Effect of GABA_A receptor agonists on the response of regular spiking (RS) neuron model in pathological brain states, in the presence and absence of Na⁺-K⁺-2Cl^- (NKCC1) co-transporter blockers. (A) Response of the RS neuron model to GABA_A receptor agonists in an epileptic brain state. The values of extracellular potassium and intrcellular chloride are shown in the upper panel. Under these epileptic conditions, GABA_A receptor agonists can still help hyperpolarize the neuron, as would be expected from their common use as anti-epileptic drugs. (B) Same as in A, but for a post-traumatic brain injury (TBI) brain state. The GABA_A agonist is unable to rescue the neuron from depolarizaiton block. (C) Response of the RS neuron model to a combination of GABA_A receptor agonist and NKCC1 co-transporter blocker in a post-TBI brain state. Dotted line signifies the change in intracellular chloride caused by the effect of the NKCC1 co-transporter blocker. The combination of the two drugs is able to rescue the model neuron from depolariziation block.

FIG. 5.

GABA_A agonists, only in combination with Na⁺-K⁺-2Cl^- (NKCC1) co-transporter blockers, can rescue neurons from depolariziaton block across a range of pathological ion concentations. (A) Effect of GABA_A receptor agonists on the percent change in I_DB of the regular spiking (RS) neuron model when K_outside = 12.5 mM, reflecting mild traumatic brain injury (TBI).

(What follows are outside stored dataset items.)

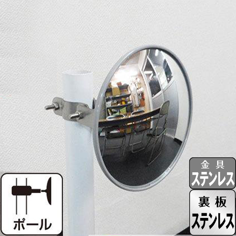 ガレージミラー カーブミラー グレー 丸型 210φ ステンレス製取付金具付 ポール25〜60mm用 日本製 yh943
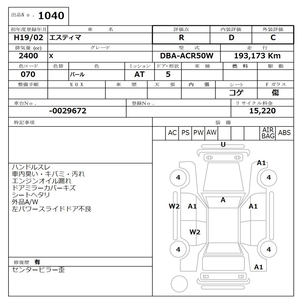 TOYOTA ESTIMA - лот 1040
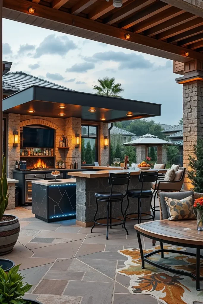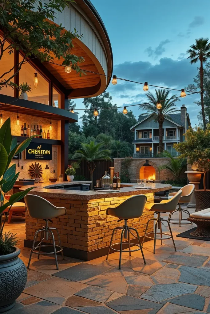 In my designs, I incorporate bar counters with stone or terrazzo surfaces, high stools with curved backs, and integrated shelving for glassware and decor. I often add subtle lighting under the counter to highlight textures and create ambiance. These details transform a simple bar into a stylish and artistic focal point that enhances the entire patio.
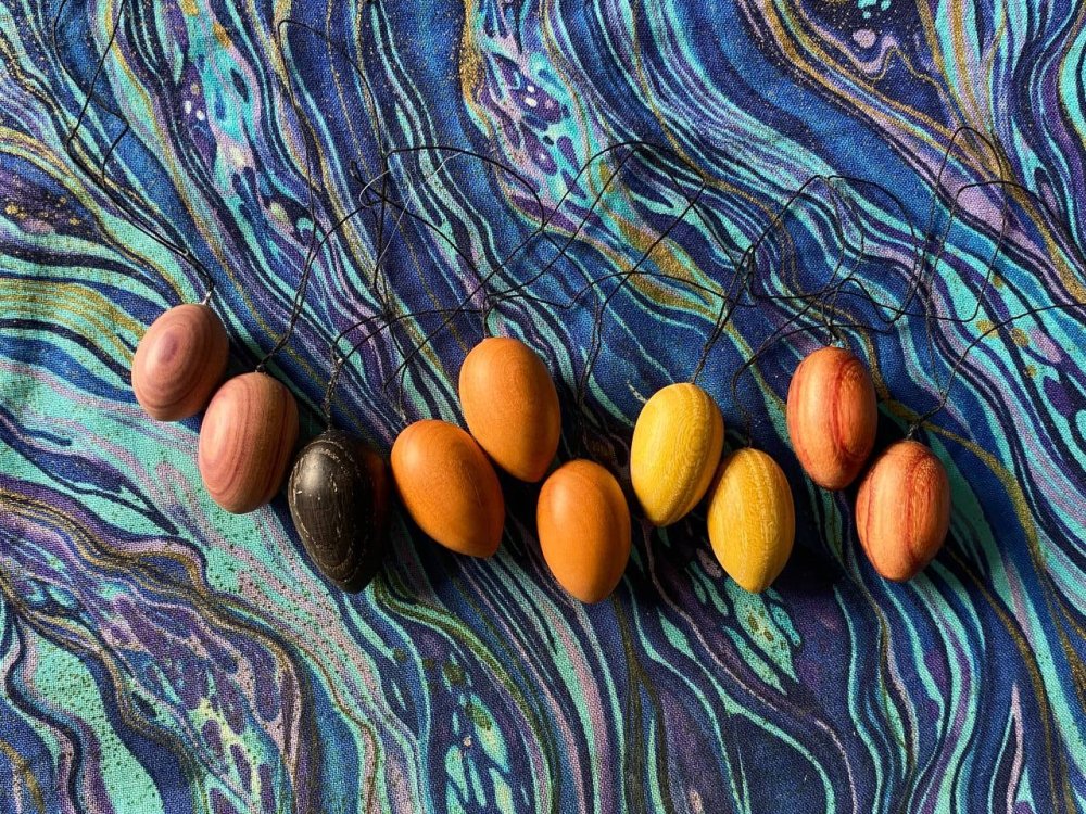 • 35fc44937cb6a7bedff9dc9640146102.jpg R6 Ostereier (von links) aus Flieder, Ebenholz, Lachsholz, Osagedorn, Rosenholz á 6,- Euro
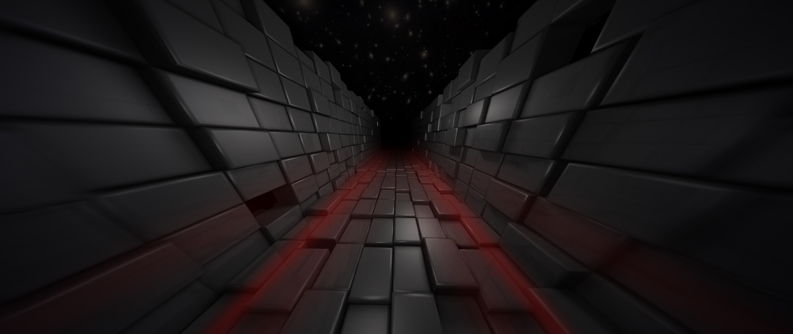 Description: A dark tunnel with red lights and a red light at the end of the tunnel is a dark room with a red light at the end.
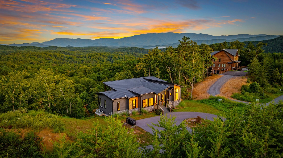 IG/FB/TikTok: SixDiamondsCabins. ¡VISTAS! A solo minutos de todo: villa de LUJO PERSONALIZADA EN LA CIMA DE UNA MONTAÑA diseñada por arquitectos de renombre. Más de 2 acres, más de 5800 pies cuadrados y muchas cubiertas/solárium frente al monte LeConte. JACUZZI para 7 personas nuevo, SALA DE CINE con proyector de 100 pulgadas, 7 televisores, SALAS DE JUEGOS con piscina, Pac-Man, ping-pong, Golden Tee, pinball, Buck Hunter y Cornhole, mazmorra de Harry Potter, música bluetooth, 3 FOGONES/CHIMENEAS, camas cómodas, wifi de alta velocidad, aparcamiento y carreteras fáciles.
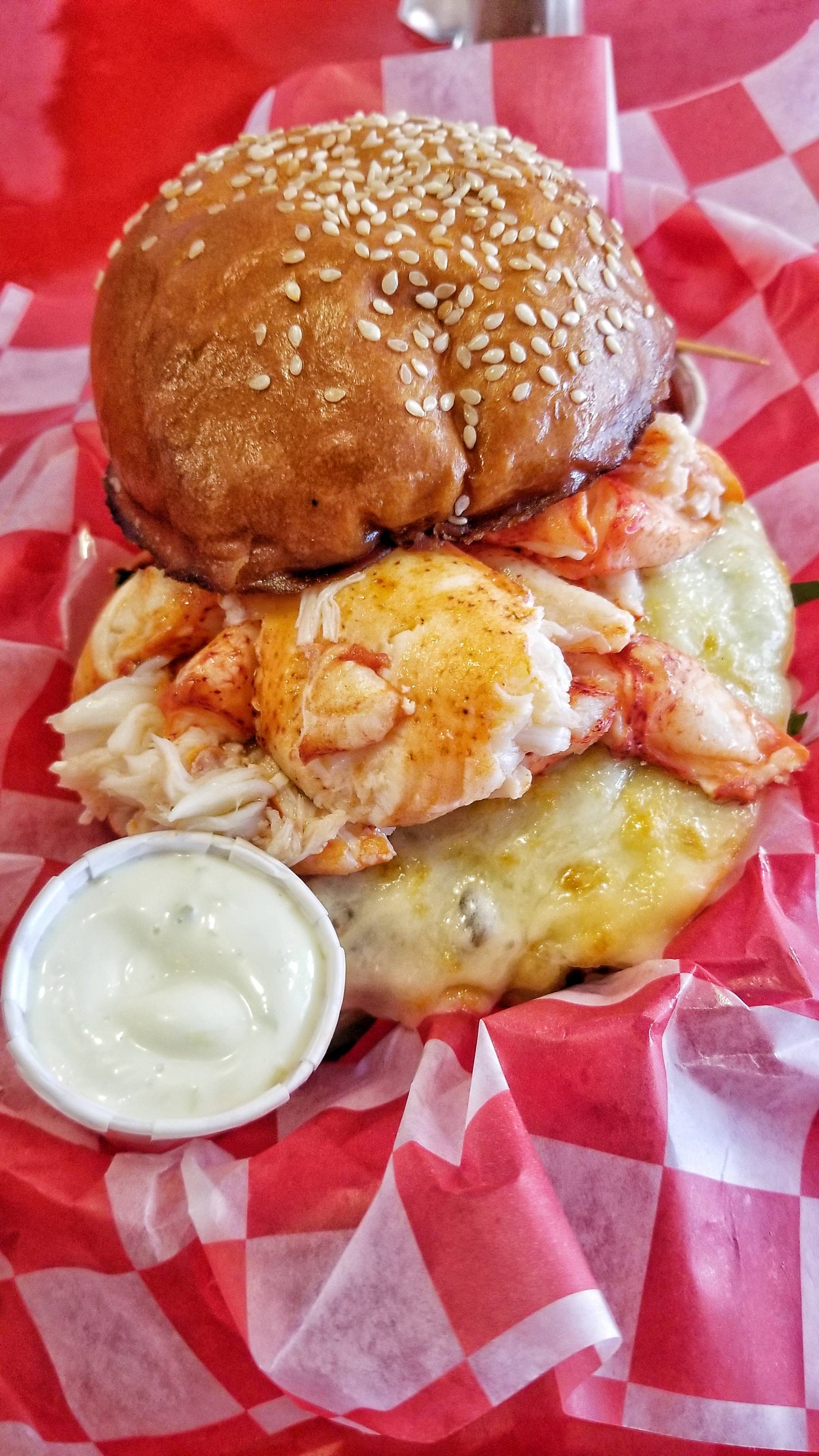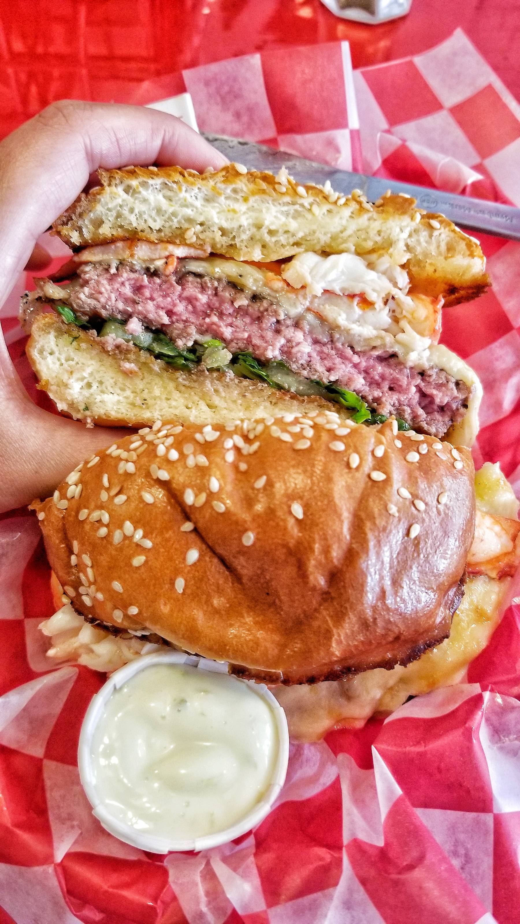 The burger looked great. I took my first bite…wow! The flavorful beef patty, loads of melted cheese, and sweet tender lobster was absolutely amazing. The sauces were yummy as well.
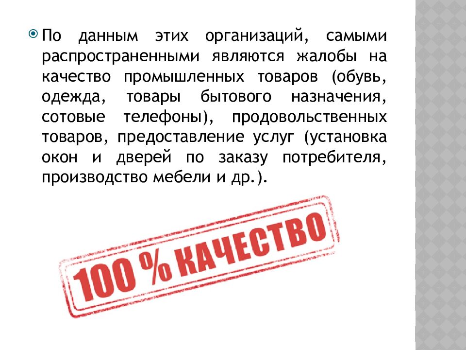 По данным этих организаций, самыми распространенными являются жалобы на качество промышленных товаров (обувь, одежда, товары бытового назначения, сотовые телефоны), продовольственных товаров, предоставление услуг (установка окон и дверей по заказу потребителя, производство мебели и др.).
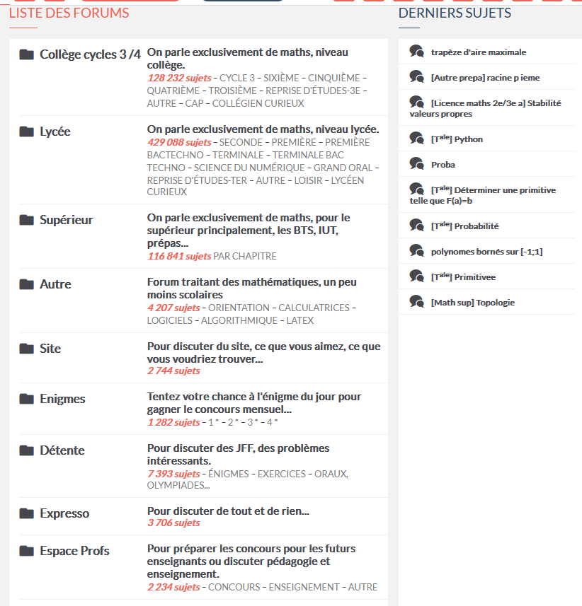 MasterMindM dit :Si je fais abstraction de la grosse banière publicitaire "vente flash", il me semble personnellement naturel que les gros carrés avec les barres colorées (marron pour "on y joue", orange pour "Jeux en financement", etc.) sont les équivalents des sections présentées en liste dans la "liste des forum" de la deuxième capture ("Collège cycle 3/4", "Lycée", etc.)La présentation en 3x3 me dérange. Les titres des catégories ne sont pas hyper clairs (ou alors me semblent tellement inutiles, le problème vient alors de moi et de ce que propose le forum). Le fait d'avoir des "extraits" de sujet juste sous les catégories alourdis énormément la présentation à mon sens.

Note that values >0 reflect a therapeutic effect, whereas values <0 reflect a pathological worsening. Under these potassium conditions, GABA_A receptor agonists can reduce the propensity to depolarization block when intracellular chloride concentrations are close to the normal physiological range, but exert little or negative effect when chloride concentrations inside the cell exceed the physiological range. (B) Same as in A, but for the combination of a GABA_A receptor agonist and NKCC1 co-transporter blocker. By blocking NKCC1 co-transporter and hence reducing intracellular chloride concentration, this combination of drugs can rescue the model neuron from depolariziation block across a wide range of intracellular chloride concentrations. This suggests that this combination of drugs can have a therapeutic benefit in post-TBI brain states. (C, D) Same as A, B, but for K_outside = 18.5 mM, reflecting more severe TBI.